++++ Data listing ++++

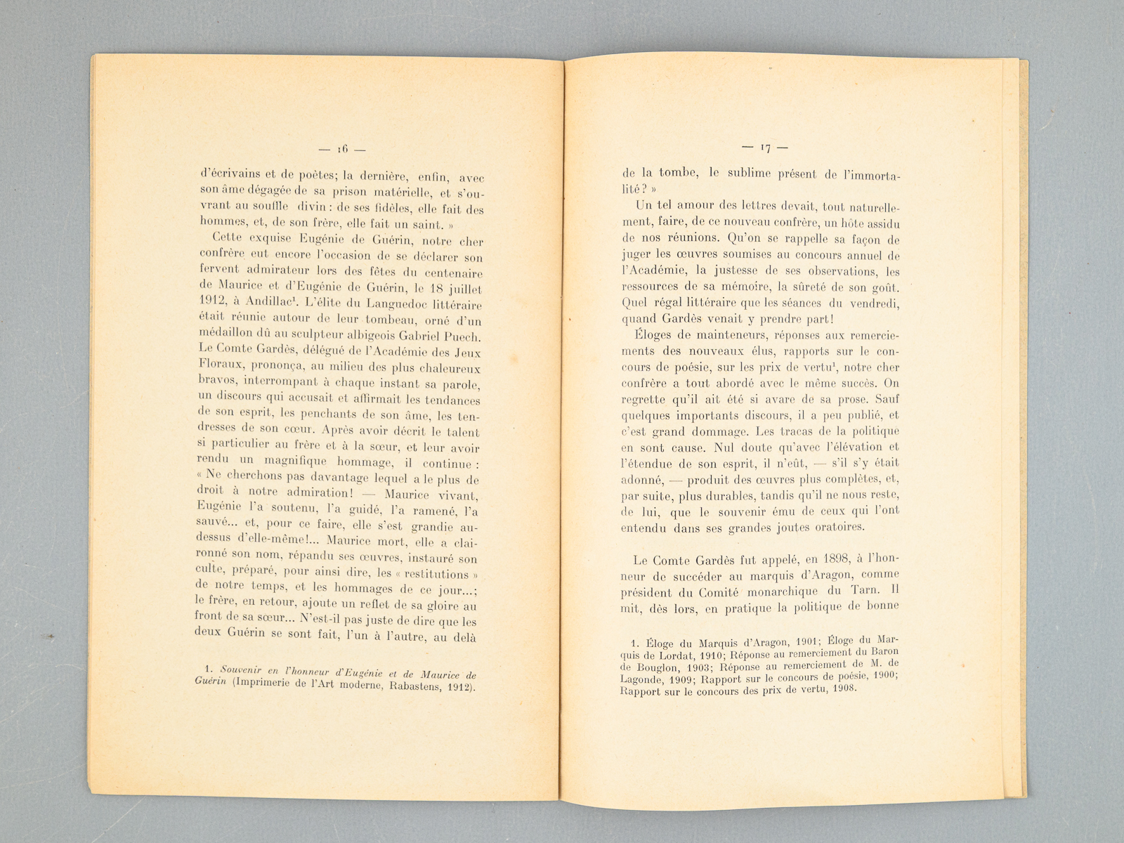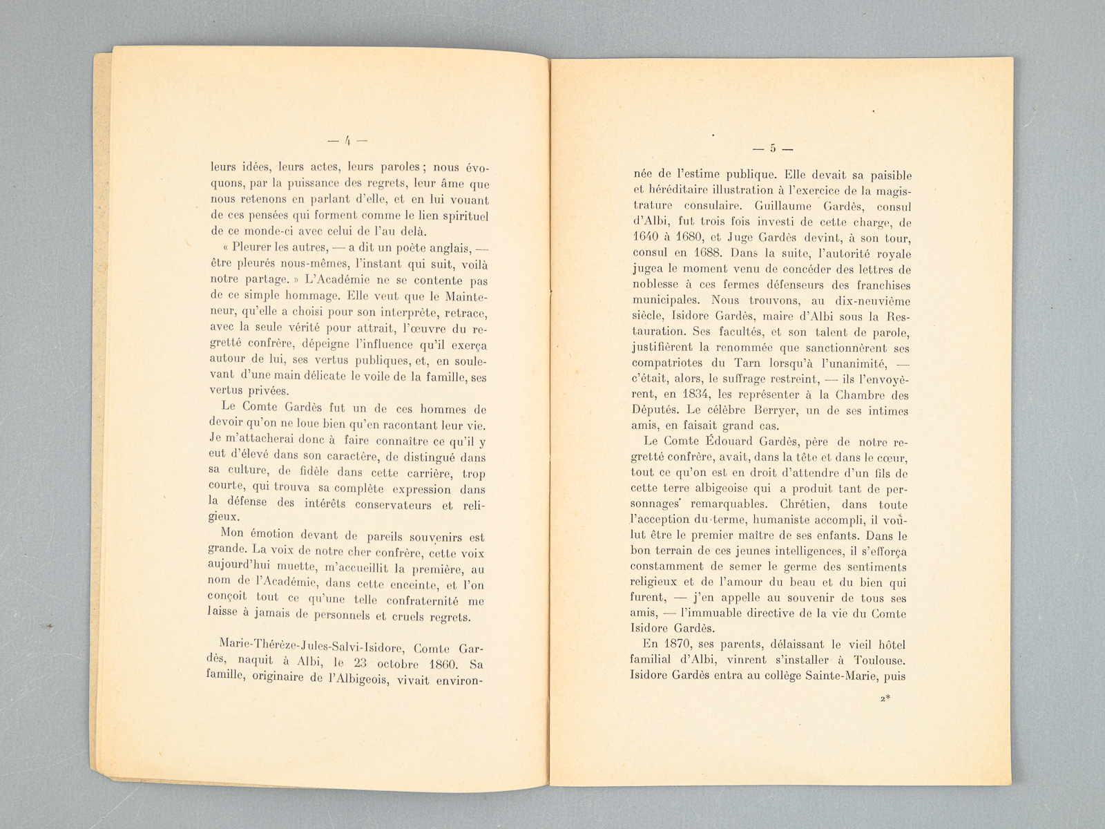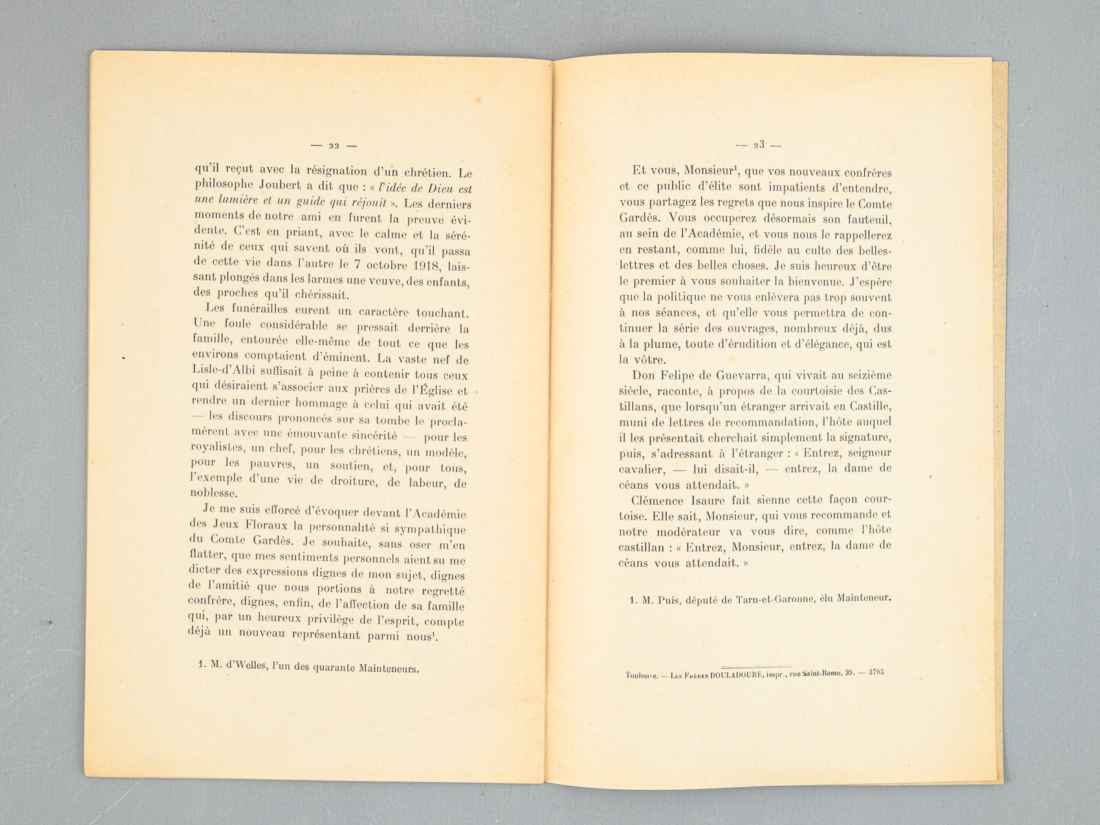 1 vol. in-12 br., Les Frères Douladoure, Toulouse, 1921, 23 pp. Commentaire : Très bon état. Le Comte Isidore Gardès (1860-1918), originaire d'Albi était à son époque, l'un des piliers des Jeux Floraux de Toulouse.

++++
++++ Data listing ++++

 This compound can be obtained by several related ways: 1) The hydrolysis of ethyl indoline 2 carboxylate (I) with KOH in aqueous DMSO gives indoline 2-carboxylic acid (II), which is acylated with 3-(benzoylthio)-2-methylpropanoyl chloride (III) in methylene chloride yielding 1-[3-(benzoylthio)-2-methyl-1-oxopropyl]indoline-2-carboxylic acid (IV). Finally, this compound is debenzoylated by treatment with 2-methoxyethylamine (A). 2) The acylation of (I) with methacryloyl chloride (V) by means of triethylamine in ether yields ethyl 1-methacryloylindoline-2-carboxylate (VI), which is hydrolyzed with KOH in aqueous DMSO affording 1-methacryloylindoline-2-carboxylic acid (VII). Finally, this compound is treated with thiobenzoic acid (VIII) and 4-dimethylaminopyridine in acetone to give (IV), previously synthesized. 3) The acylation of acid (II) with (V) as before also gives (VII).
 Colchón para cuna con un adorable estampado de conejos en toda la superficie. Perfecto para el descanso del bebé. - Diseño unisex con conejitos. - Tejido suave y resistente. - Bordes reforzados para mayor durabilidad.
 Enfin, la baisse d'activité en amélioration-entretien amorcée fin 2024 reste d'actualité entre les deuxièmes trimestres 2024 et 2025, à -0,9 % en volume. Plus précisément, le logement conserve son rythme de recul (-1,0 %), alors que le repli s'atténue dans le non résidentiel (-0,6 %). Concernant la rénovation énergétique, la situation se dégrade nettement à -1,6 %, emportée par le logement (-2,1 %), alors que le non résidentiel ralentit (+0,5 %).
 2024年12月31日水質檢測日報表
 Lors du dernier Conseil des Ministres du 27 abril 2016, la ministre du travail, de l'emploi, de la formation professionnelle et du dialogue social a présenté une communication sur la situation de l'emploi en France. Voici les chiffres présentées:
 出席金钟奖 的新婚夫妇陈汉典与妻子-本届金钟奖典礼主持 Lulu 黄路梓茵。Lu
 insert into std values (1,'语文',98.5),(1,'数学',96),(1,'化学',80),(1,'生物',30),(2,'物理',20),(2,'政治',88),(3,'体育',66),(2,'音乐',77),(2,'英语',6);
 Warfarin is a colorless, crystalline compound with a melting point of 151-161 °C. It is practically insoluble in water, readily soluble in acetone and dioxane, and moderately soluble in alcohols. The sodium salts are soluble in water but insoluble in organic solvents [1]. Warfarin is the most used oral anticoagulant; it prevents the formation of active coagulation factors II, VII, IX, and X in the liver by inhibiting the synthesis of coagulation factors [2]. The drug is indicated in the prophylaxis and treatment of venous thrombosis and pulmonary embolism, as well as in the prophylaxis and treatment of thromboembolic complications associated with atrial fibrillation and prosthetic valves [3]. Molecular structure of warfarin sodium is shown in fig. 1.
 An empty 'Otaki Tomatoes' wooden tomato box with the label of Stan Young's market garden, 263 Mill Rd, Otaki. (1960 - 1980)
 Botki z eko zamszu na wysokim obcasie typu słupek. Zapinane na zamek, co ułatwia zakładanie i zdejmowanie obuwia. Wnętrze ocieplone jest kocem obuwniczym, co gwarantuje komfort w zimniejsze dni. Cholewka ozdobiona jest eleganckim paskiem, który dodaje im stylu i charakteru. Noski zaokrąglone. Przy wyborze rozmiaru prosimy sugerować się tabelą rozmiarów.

++++

**Exercise**:
Take from the entries every line that has the string "formation".

**Written answer**:
 Lors du dernier Conseil des Ministres du 27 abril 2016, la ministre du travail, de l'emploi, de la formation professionnelle et du dialogue social a présenté une communication sur la situation de l'emploi en France. Voici les chiffres présentées:
 Warfarin is a colorless, crystalline compound with a melting point of 151-161 °C. It is practically insoluble in water, readily soluble in acetone and dioxane, and moderately soluble in alcohols. The sodium salts are soluble in water but insoluble in organic solvents [1]. Warfarin is the most used oral anticoagulant; it prevents the formation of active coagulation factors II, VII, IX, and X in the liver by inhibiting the synthesis of coagulation factors [2]. The drug is indicated in the prophylaxis and treatment of venous thrombosis and pulmonary embolism, as well as in the prophylaxis and treatment of thromboembolic complications associated with atrial fibrillation and prosthetic valves [3]. Molecular structure of warfarin sodium is shown in fig. 1.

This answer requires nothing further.